#### PROVIDED DATA:
::::::
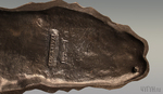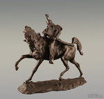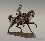 Скульптура выполнена на узкой продолговатой подставке. На ней изображена фигура лошади в движении, а на лошади – мужчины в плотном одеянии. Скульптура изображена в движении.
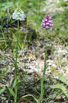 Blütenstand: pyramidenförmig, wenn die obersten Blätter noch geschlossen sind, später verlängert eiförmig, dichtblütig. Deckblätter etwa so lang wie der Fruchtknoten.
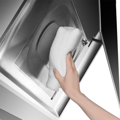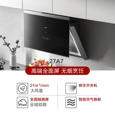 全面屏设计百搭厨房尽显格调,拢烟面积大爆炒不油腻,大风力吸力效果更强劲,一体成型钢化面板日常清洁轻松方便。
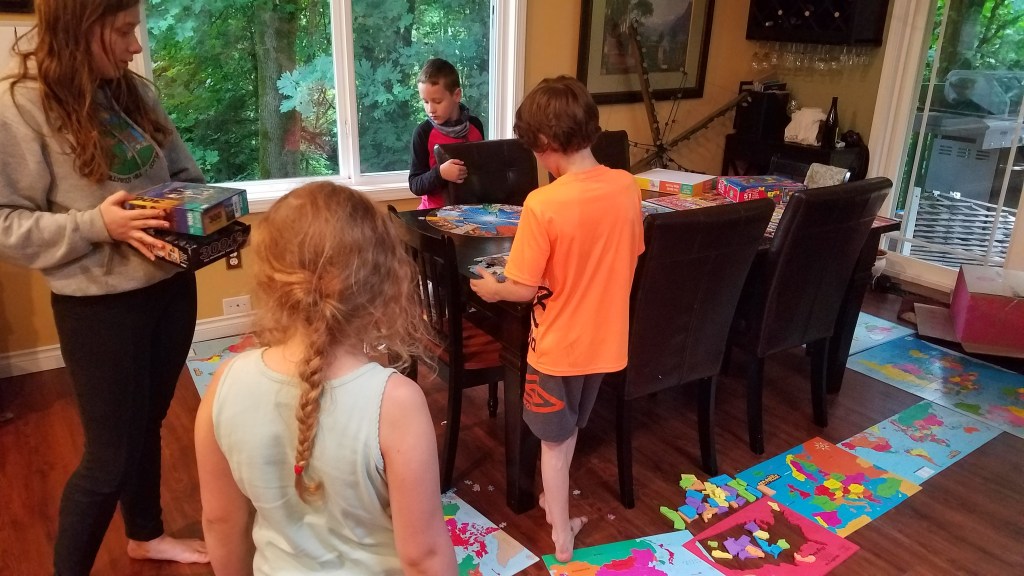 Kyla started doing her puzzles when school ended and didn’t stop until every puzzle in the house was completed and covering the dining room. Then I promptly ordered her a few 3D puzzles and a 2,000 piece puzzle.
::::::
Transcribe the material above word for word; images do not belong in the copy.

 Скульптура выполнена на узкой продолговатой подставке. На ней изображена фигура лошади в движении, а на лошади – мужчины в плотном одеянии. Скульптура изображена в движении.
 Blütenstand: pyramidenförmig, wenn die obersten Blätter noch geschlossen sind, später verlängert eiförmig, dichtblütig. Deckblätter etwa so lang wie der Fruchtknoten.
 全面屏设计百搭厨房尽显格调,拢烟面积大爆炒不油腻,大风力吸力效果更强劲,一体成型钢化面板日常清洁轻松方便。
 Kyla started doing her puzzles when school ended and didn’t stop until every puzzle in the house was completed and covering the dining room. Then I promptly ordered her a few 3D puzzles and a 2,000 piece puzzle.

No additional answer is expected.